Hamlet returns from England where he was supposed to have been killed, according to King Claudius' plan. But he has escaped and is back in Denmark. He is at the castle graveyard. He meets his good friend Horatio there, and they come across two gravediggers, referred to as Clown One and Clown Two. The gravediggers are cheerfully going about their business, throwing up dirt and bones, when they are engaged in conversation by Hamlet and Horatio. Here, in Act 5, Scene 1, is the telling exchange:
HAMLET
...How long hast thou been a grave-maker?
FIRST CLOWN:
Of all the days i' the year, I came to't that day that our last king Hamlet overcame Fortinbras.
HAMLET:
How long is that since?
FIRST CLOWN:
Cannot you tell that? Every fool can tell that.
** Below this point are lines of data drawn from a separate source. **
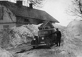 | Frusetenga i 1952. Fredrik Michaelsen med sin Plymouth 1937-modell. | |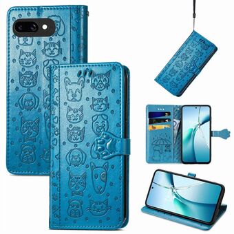 For Google Pixel 9a Cat and Dog Embossed Leather Phone Case(Blue)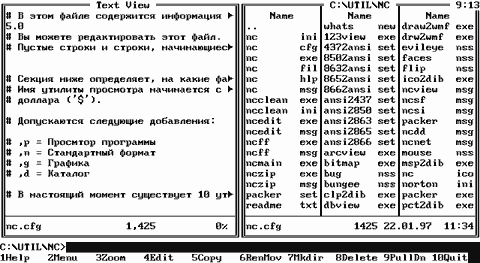 Рис. F.9. Просмотр файлов в панели Norton Commander 5.0. При быстром просмотре выполняемых файлов (*.com, *.exe) выдается информация о свойствах этого выполняемого файла и приглашение нажать Enter для запуска или F3 для его просмотра. При быстром просмотре графических файлов выдается информация, что эти файлы -графические и делается предложение просмотреть их в полноэкранном режиме. При быстром просмотре каталога выдается информация о числе файлов, подкаталогов в нем и общий размер всех файлов, файлов в подкаталогах и подкаталогов в просматриваемом каталоге. При этом отображается истинная длина файлов! (А не объем, занимаемый ими на диске.) Просмотр других зарегистрированных файлов (описанных в файле nc.cfg при установке Norton Commander) возможен с помощью внешних программ просмотра как в полноэкранном режиме, так и в режиме быстрого просмотра -на панели. Насколько знает автор, такой сервис не представляется ни одной другой Norton - подобной оболочкой. F.1.2.5. Управление отображением панелей.Отличий нет. F.1.2.6. Паспорт каталога.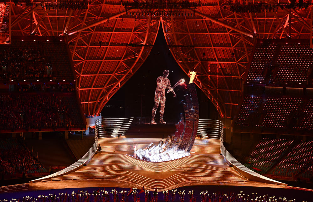 9月23日,最后一棒火炬手汪顺和“数字火炬手”在第19届亚洲运动会开幕式上点燃主火炬。新华社记者 胡虎虎 摄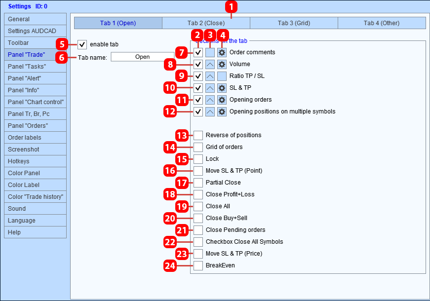要使面板分别保存每个符号的设置,请启用指定参数的“多货币模式”复选框。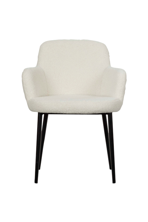 Bekväm matsalsstol med enkel design Metallstomme med svart finish Klädd med mjukt teddytyg i offwhite färg H 83 cm x B 62 cm x D 53 cm Med Dining matsalsstol får du en snygg och bekväm stol i matgruppen. Dining matsalsstol ingår i en kollektion från det nederländska märket vtwonen och har en elegant och stilren design. Sitsen och armstöden är klädda med ett högkvalitativt teddytyg (100% polyester) i tidlös offwhite färg. Stommen är tillverkad av matt, svart, pulverlackerade metall. Dining matsalsstol tål en maximal belastning på 120 kg och väger drygt 9 kg. Stolen Dining är 83 cm hög, 62 cm bred och 53 cm djup. Sitthöjden är 52 cm. Sitsen är 44 cm hög och 45 cm djup. Ryggstödet mäter 36 cm ovanför sitsen. Armstöden är anslutna till ryggstödet och är 18 cm högre än sitsen, vilket ger en bekväm och säker sittposition. Benen är 43 cm höga, med en diameter på 3 cm högst upp och 2 cm längst ner. För att skydda hårda golv, sätt möbeltassar av filt under benen. Detta förhindrar repor. Teddytyget på sitsen och armstöden är lätt att hålla rent med en möbelborste. För att ta bort fläckar, badda med en lätt fuktad trasa.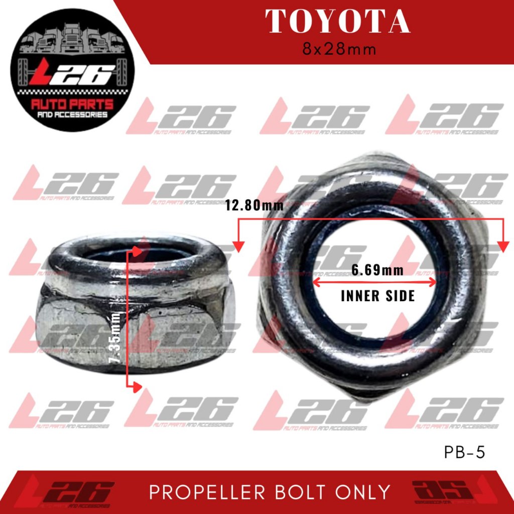 M8x28mm PROPELLER BOLT FOR Toyota / Fuso / Isuzu with Locknut PB-5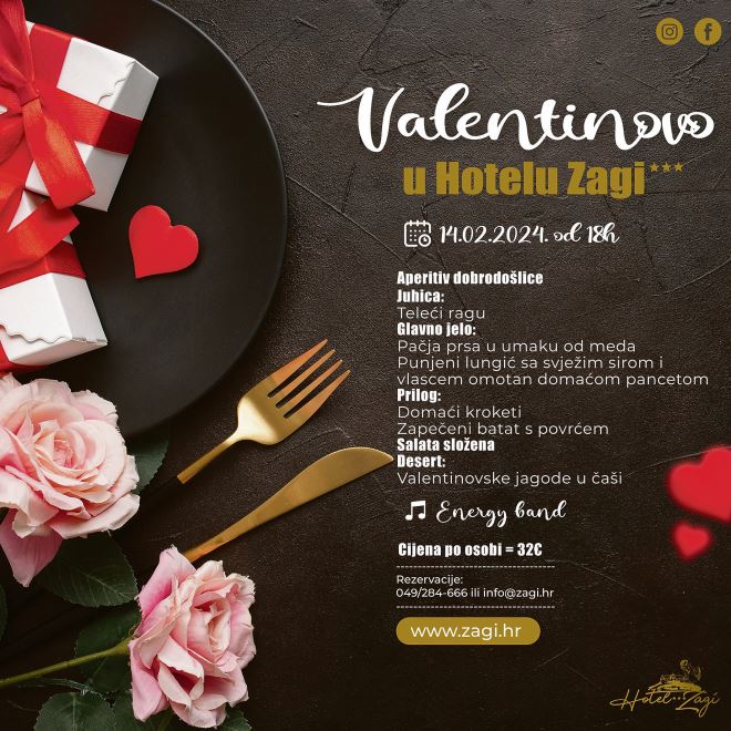 Valentinovo možete proslaviti i u Hotelu Zagi u Oroslavju, 14. veljače, gdje će za vas pripremiti poseban meni, ali glazbu uživo.

It was the very day that young Hamlet was born—he that is mad, and sent into England.
HAMLET:
Ay, marry, why was he sent into England?
FIRST CLOWN:
Why, because a was mad. A shall recover his wits there; or, if a do not, 'tis no great matter there.
HAMLET:
Why?
FIRST CLOWN:
'Twill not he seen in him there. There the men are as mad as he.
HAMLET:
How came he mad?
FIRST CLOWN:
Very strangely, they say.
HAMLET:
How 'strangely'?
FIRST CLOWN:
Faith, e'en with losing his wits.
HAMLET:
Upon what ground?
FIRST CLOWN:
Why, here in Denmark. I have been sexton here, man and boy, thirty years.
That puts Hamlet's age squarely at thirty. I suppose one could say that he doesn't act his age, but I don't see why not. And it doesn't contradict the fact that Yorick has been dead for twenty-three years; that means that he died when Hamlet was seven... plenty of time for young Hamlet to ride on the jester's back and remember him fondly. And besides, this gravedigger seems to have all his wits about him (and then some), and there's no reason to doubt him. I'm sticking with thirty.